PARIS: Like escaped convicts, elephants in eastern Africa have learned to travel at night and hide during the day to avoid poachers who are hunting tuskers into extinction, researchers reported on Wednesday.

Normally elephants forage for food and migrate in daylight, while resting under cover of darkness. But a sharp increase in illegal hunting driven by the global trade in ivory has forced the massive land mammals — against their nature — to upend their usual habits.

“As most poaching occurs during the daytime, their transition to nocturnal behaviour appears to be a direct result of prevailing poaching levels,” said Festus Ihwagi, a researcher at the University of Twente in The Netherlands.

In an upcoming study, Ihwagi details his findings, based on data gathered from 60 elephants in northern Kenya tracked with GPS devices for up to three years during the period 2002 to 2012.

Working with the NGO Save the Elephants, which has fitted more than 100 of the animals with GPS collars, Ihwagi monitored the movements of 28 females and 32 males in and around the Laikipa-Samburu ecosystem.

“Simultaneous elephant tracking and monitoring of causes of death presented a perfect ‘natural laboratory’,” said Ihwagi. The night-time movements of the elephants increased significantly in sync with poaching levels, especially for females.

In high-danger zones, females reduced daytime activity by about 50 per cent on average compared to low-danger zones, Ihwagi said.
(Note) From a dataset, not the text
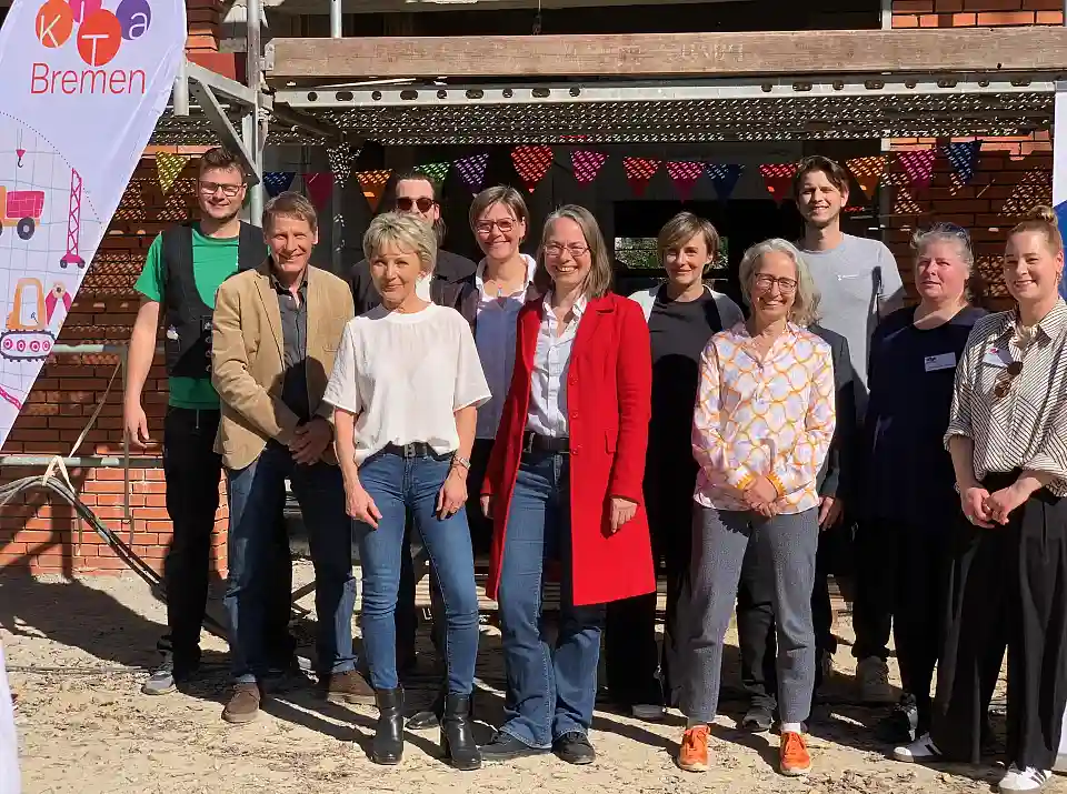 Richtfest des Kinder- und Familienzentrum Arbergen. Projektverantwortliche (v.l.n.r.): Bernd Lübbehüsen, Jonas Dorn, Jan Schulze, Kerstin Brockmüller, Petra Zschüntzsch, Sascha Aulepp, Anastasia Edelberg, Uta Kummer, Thomas Middendorf, Stephanie Bürding, Tanja Seekamp.

Changing their behaviour in this way may help keep elephants alive in the short run, but could have long term implications for their survival, he added.

“For mothers with very young calves, the risk of predation of the calves by lions or hyenas would be higher at night,” Ihwagi said. “For the mature elephants, it implies an alteration of their normal social life.”

According to the International Union for Conservation of Nature, the number of African elephants has fallen by around 111,000 to 415,000 over the past decade. The killing shows no sign of abating with around 30,000 elephants slaughtered for their ivory every year, mainly to satisfy demand in the Asian market for products coveted as a traditional medicine or as status symbols.